▶ **Your goal**:
From the line containing "Nagyon kedves és" to the end of the records below, both included, every line should be repeated exactly; pictures should be dropped.

*** Block opens ***

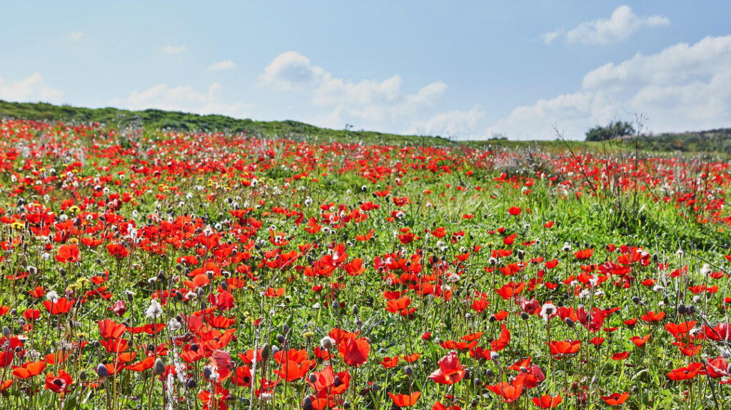 On Site Tuesday, January 27, 2026 Coming Up Roses On Tu B’Shevat, the entire landscape is in bloom after the rains
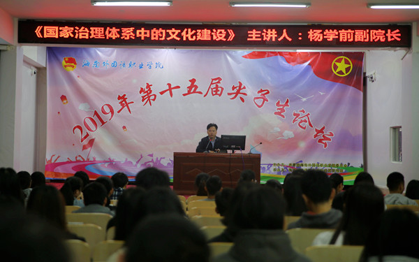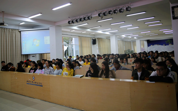 杨学前副院长通过一些鲜活的例子,介绍了私有制与公有制的区别,分享了他所到过一些国家的见闻和文化体验,让在场的同学感受不同国家之间的文化差异和国家的发展水平,让同学们更加庆幸自己生长在这和平、美丽、安全、富强、文明的国家,也更加坚定了“四个自信”。
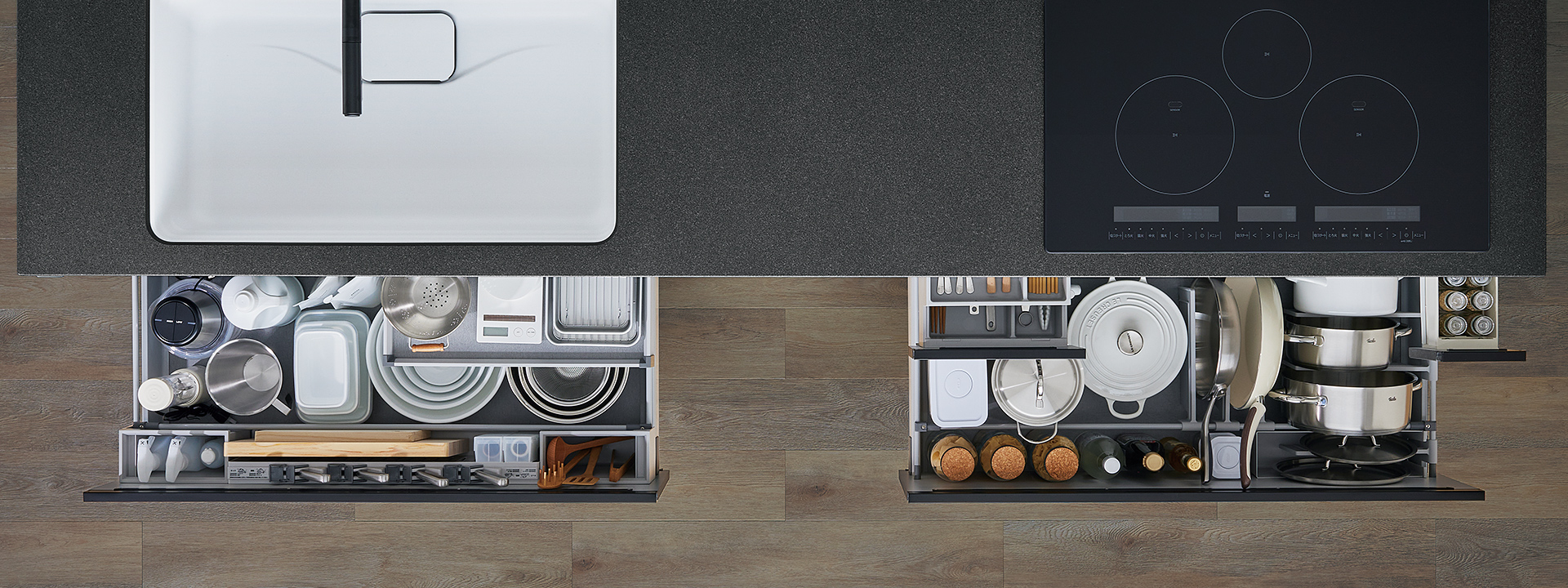 【シンク下スペース】連動イン引出し「ステップドロワー」で、使用頻度や高さの違いに応じてゾーンを分けて収納できます。 -
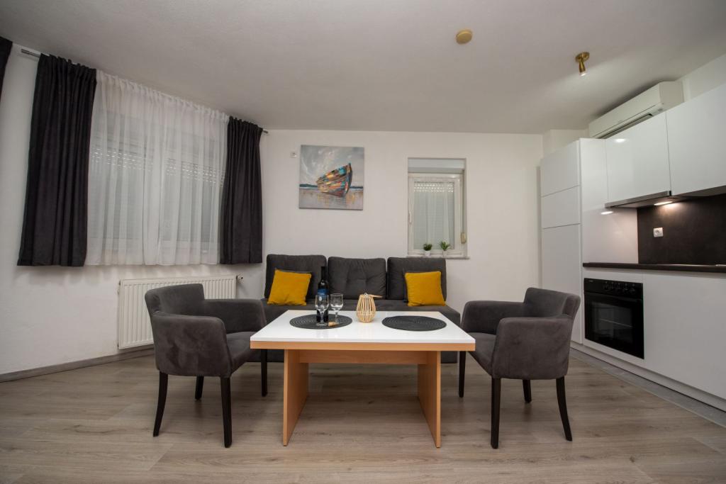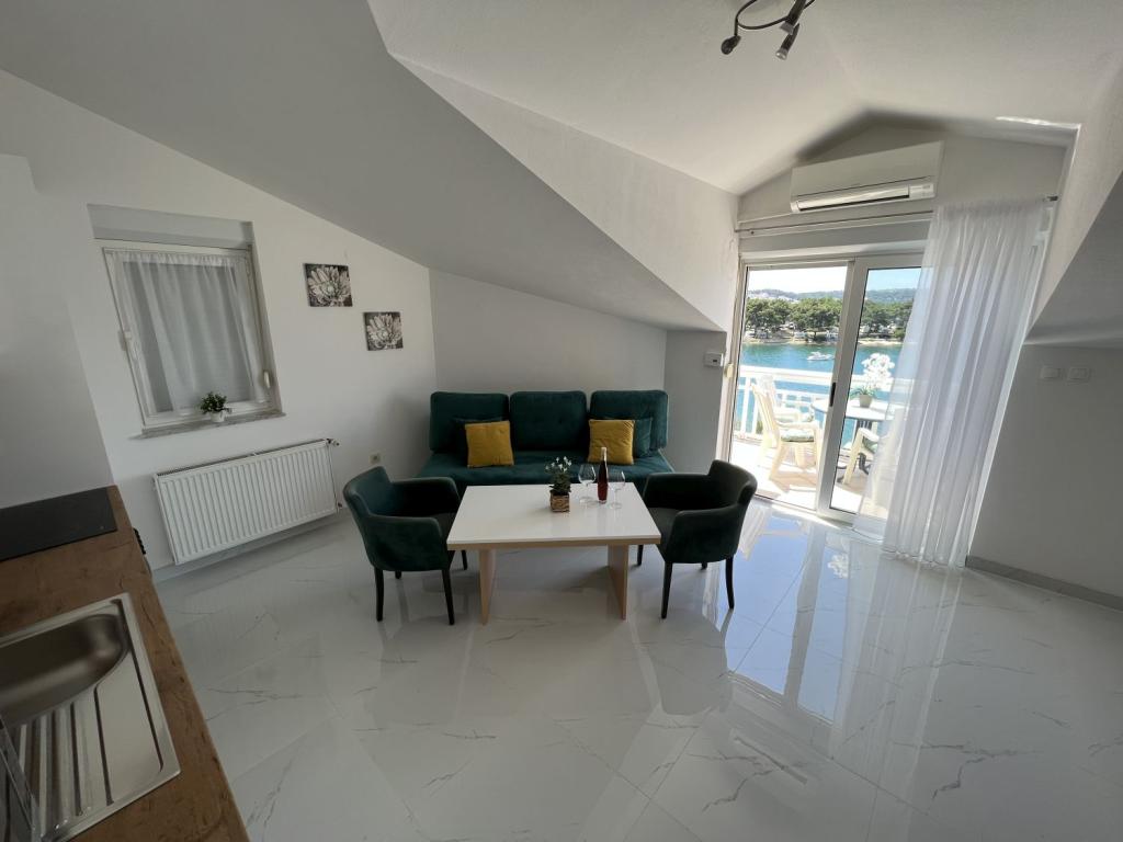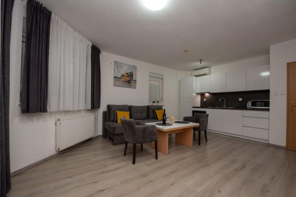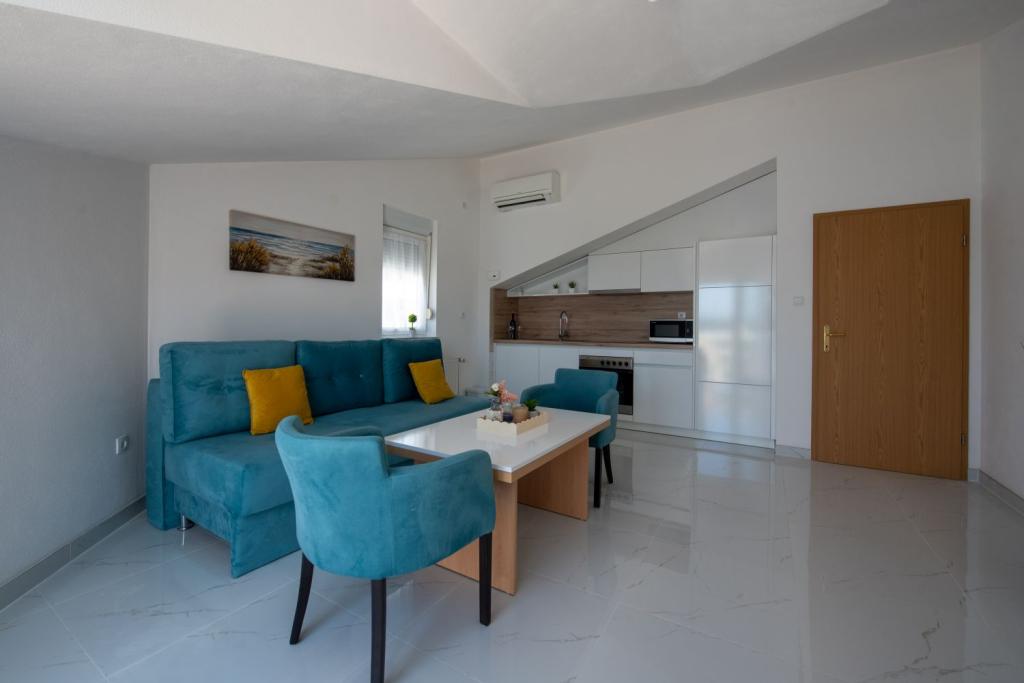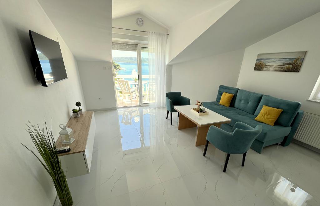 Nagyon kedves és barátságos tulajdonosok. Az apartman szép, tiszta, légkondicionált, terasszal és kilátással a tengerre. A szállás közvetlenül egy nagyon szép kavicsos strand mellett található, az élelmiszerboltok pedig közvetlenül a szállás mellett találhatók. 2-3 percre a pékségtől és a Trogirba tartó taxitól. 15-20 perc sétára a központtól és a Copacabana strandtól. Köszönöm.
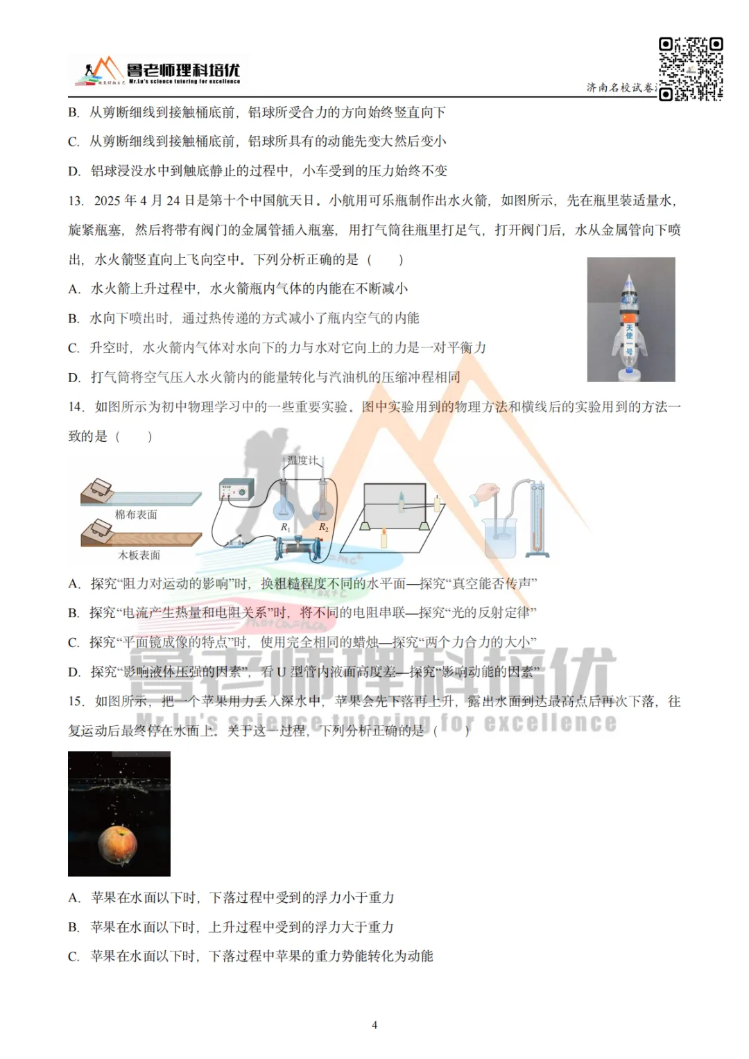 第14题,考察初中物理实验中涉及到的方法,大家都还清楚吗?

*** Block closes ***

▶ **Exercise answer**:
 Nagyon kedves és barátságos tulajdonosok. Az apartman szép, tiszta, légkondicionált, terasszal és kilátással a tengerre. A szállás közvetlenül egy nagyon szép kavicsos strand mellett található, az élelmiszerboltok pedig közvetlenül a szállás mellett találhatók. 2-3 percre a pékségtől és a Trogirba tartó taxitól. 15-20 perc sétára a központtól és a Copacabana strandtól. Köszönöm.
 第14题,考察初中物理实验中涉及到的方法,大家都还清楚吗?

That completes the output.